The Hardest Part of Job Searching - The Job Search Itself

November 9, 2018 - Cheyene Shuart

Having trouble finding a job? These tips on job searching can help you boost your job search abilities and bring you closer to landing an interview!

Job searching is a process that incites a lot of cringing and misery. Scanning through or Google for jobs in your field is pretty much the most dreadful process of job searching. High school does not prepare you for the job search – they hardly prepare you for a proper resume – so when it comes time to find a job and you haven’t learned much about it, it can be a disappointing experience.

An important thing to note about job searching is that only 15-20% of the jobs that are available are posted online. That means that 80-85% of available jobs are located in what the office of Career Development and Experiential Learning likes to call “The Hidden Job Market” (cue dramatic music). As ominous as that sounds, there are secret arts to tapping into this enigmatic job market that we Peer Advisors can share with you during Drop-In hours at JEC 100 from 10-4pm. For now, I will leak some of these top-secret tips to help you get ahead in the job search battle, but don’t be afraid to come and ask us for more information!

Tip #1: Social Media

In our previous blog posts, we have mentioned the importance of keeping up with your social media for professional development. LinkedIn, ResearchGate, Facebook, and Twitter are all massive platforms that employers use strategically to find the best candidates for their organization. Creating a separate Twitter and Facebook account for professional purposes and making those more open in terms of privacy than your personal accounts will help you entice employers if they choose to look you up and find reasons to hire you. LinkedIn is an essential component of job searching – not only do you market yourself and your skills online, you can follow employers, look for jobs, and broadcast that you’re interested in employment.

Tip #2: Tell Everyone

Your Grandma’s best friend’s son might be hiring for a position right now. Telling everyone about your interest in finding a job can open up doors you might not even imagine. Classmates, professors, previous co-workers, volunteer supervisors, and your Grandma’s best friend’s son could know of someone’s cousin’s brother’s friend who is looking for someone with your skills. Networking sounds like a scary word, and you may think that telling everyone and their dog that you’re looking for a job sounds desperate, but you might be surprised who may know about your job search and who may mention it to your potential future employer. Work on that elevator pitch (come see us for more details) to help you get your name out there!

Tip #3: Reach Out

So, you know of someone’s cousin who works at the company you want to work at? Message them using your newly updated professional social media profiles and ask them if you can find out more about their job, their position, their skills, and their professional development. In conducting informational interviews like this (without asking for a job!), you create a bigger network for yourself and you can learn what skills and competencies you need to hone to be eligible for your dream position. Even if you don’t know someone at a company you’re interested in, messaging active employees on LinkedIn and asking them about how they like their career can be flattering to the person you are contacting, and will help your name stick in their mind.

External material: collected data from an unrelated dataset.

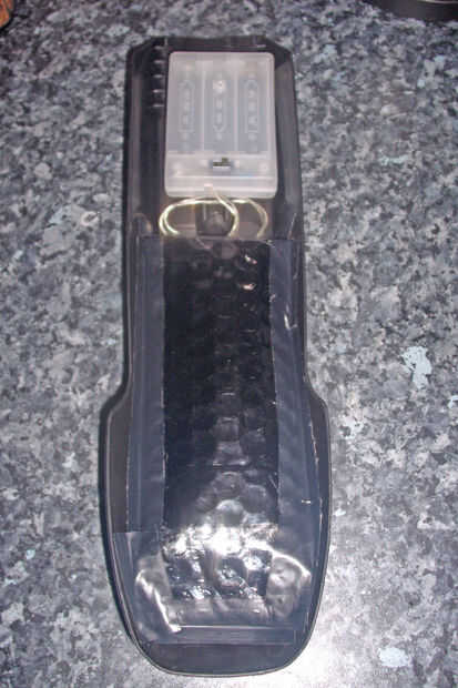 pegar cinta de velcro en tienda 99p (que uso para sostener la caja de batería en la parte inferior de la aleta)
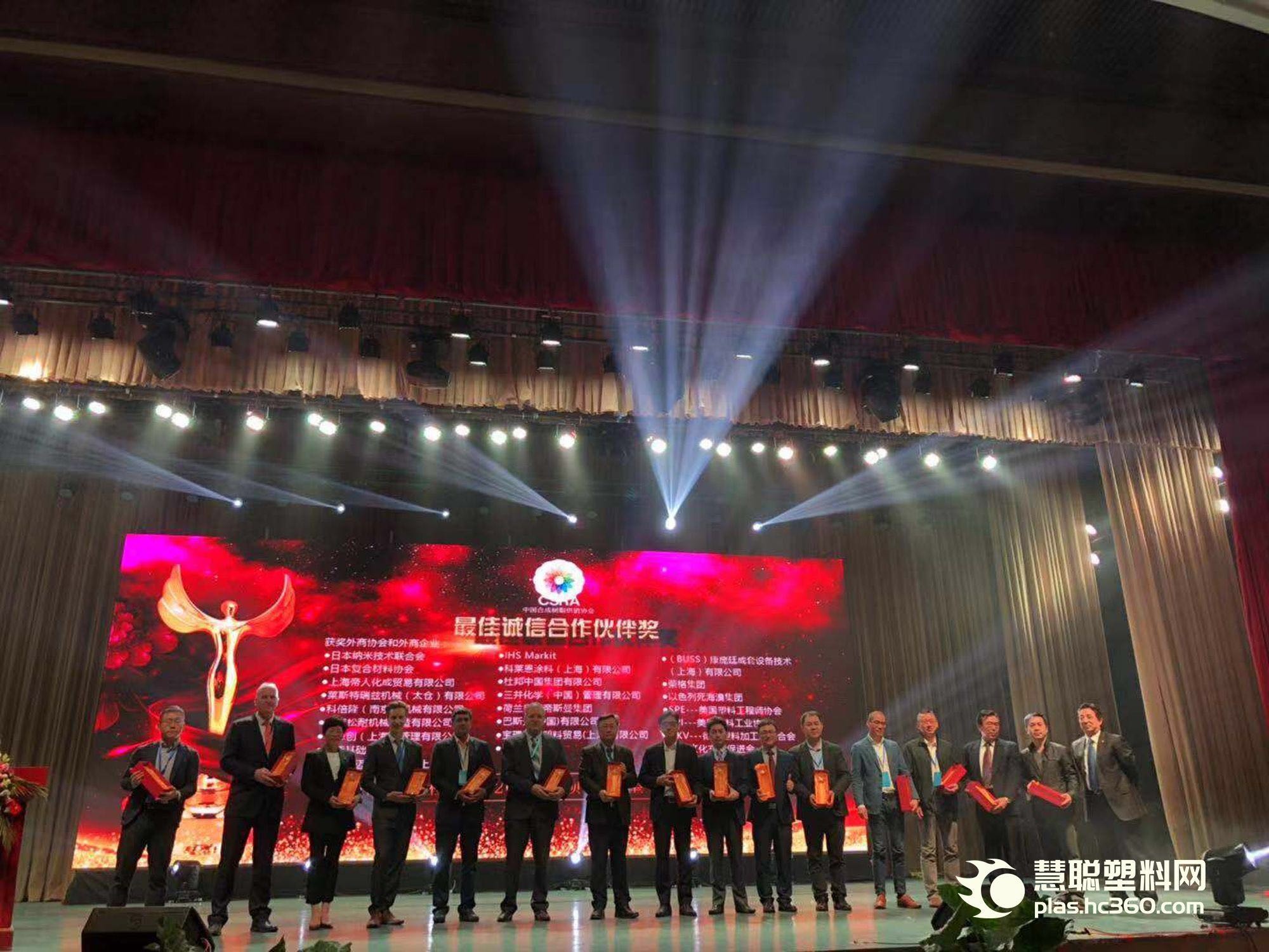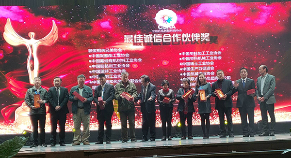 協會對20年來誠信合作的外商協會和外商企業頒發“最佳誠信合作伙伴獎”。獲獎企業有日本納米技術聯合會、日本復合材料協會、上海帝人化成貿易有限公司、萊斯特瑞茲機械(太倉)有限公司、科倍?。暇C械有限公司、上海松耐機械制造有限公司、科思創(上海)管理有限公司、沙特基礎工業公司、(BUSS)康龐廷成套設備技術(上海)有限公司、科萊恩涂料(上海)有限公司、杜邦中國集團有限公司、三井化學(中國)管理有限公司、荷蘭皇家帝斯曼集團、巴斯夫(中國)有限公司、寶理工程塑料貿易(上海)有限公司、LG化學、IHS Markit、榮格集團、以色列死海溴集團、SPE---美國塑料工程師協會、SPI(NPE北京辦)---美國塑料工業協會、GKV---德國塑料加工業聯合會、中德文化交流促進會、克勞斯瑪菲(浙江)有限公司、馬格澳邁塑料機械(上海)有限公司、國際化學品制造商協會、霍尼韋爾(中國)有限公司、索爾維集團、朗盛化學、阿科瑪(中國)投資有限公司、中歐汽車輕量化聯盟。
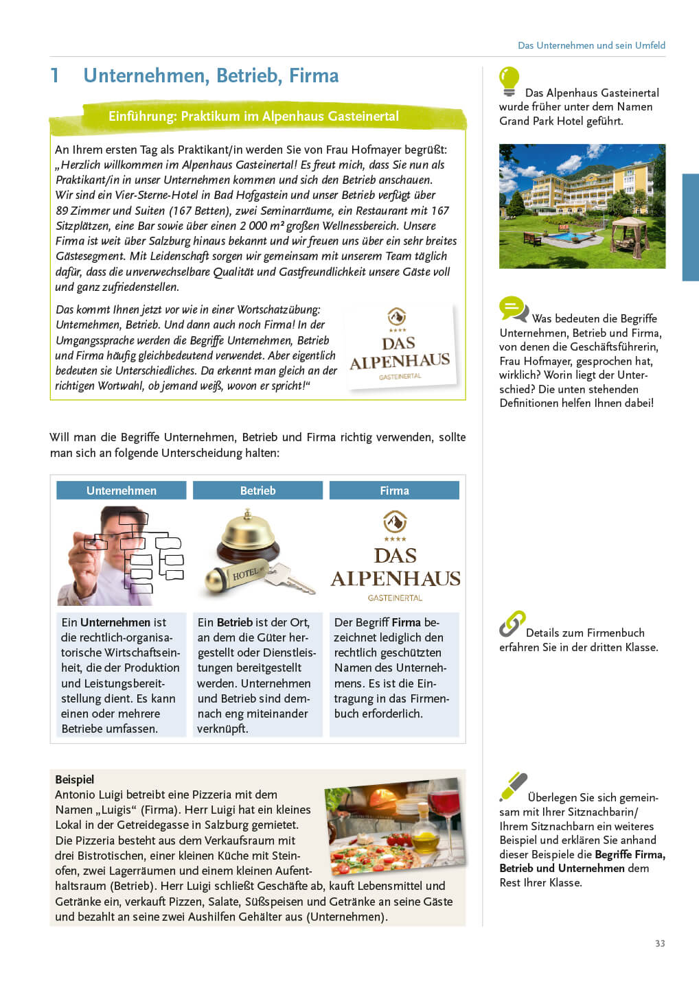 Die Schüler/innen erhalten dabei als Trainee tiefe Einblicke in das Innenleben verschiedener Unternehmen der Tourismus- und Freizeitwirtschaft (z. B. Alpenhaus Gasteinertal), wobei sie Aufgaben in unternehmerischen Echtsituationen erledigen. Zudem werden ihre persönlichen Berührungspunkte mit der Wirtschaft anhand von Alltagssituationen der Familie Berger aufgezeigt.

Tip #4: Dos and Don’ts of Calling

Cold-calling a Tim Hortons to ask if you can speak to a manager about a position will likely just bother the already-busy employees. Cold-calling a hiring manager at an organization at an appropriate time may work better for you. Cold-calling consists of calling an employer without previously speaking to them, and can be pretty risky in job searching. Warm-calling involves contacting previously acquainted individuals that you may have met at a job fair or back in an old volunteer position – this is likely a better way to cast your job search net. It is important to research what times are best to call and to whom you will be talking to avoid uncomfortable calling failures.

Tip #5: Visiting the Company

When physically handing in your resume, remember to approach it as if it is an actual interview. Dress nice, have a crisp, tailored copy of your resume and cover letter handy, and prepare an elevator pitch in advance. Ask for the hiring manager – if the manager is not available, ask when you might be able to return to see them, or ask for their email address so you can contact them directly. Be polite and confident, and interact with employees by asking them how their day was – sometimes leaving an impression on the employees of a company can help you get a leg up in meeting with HR.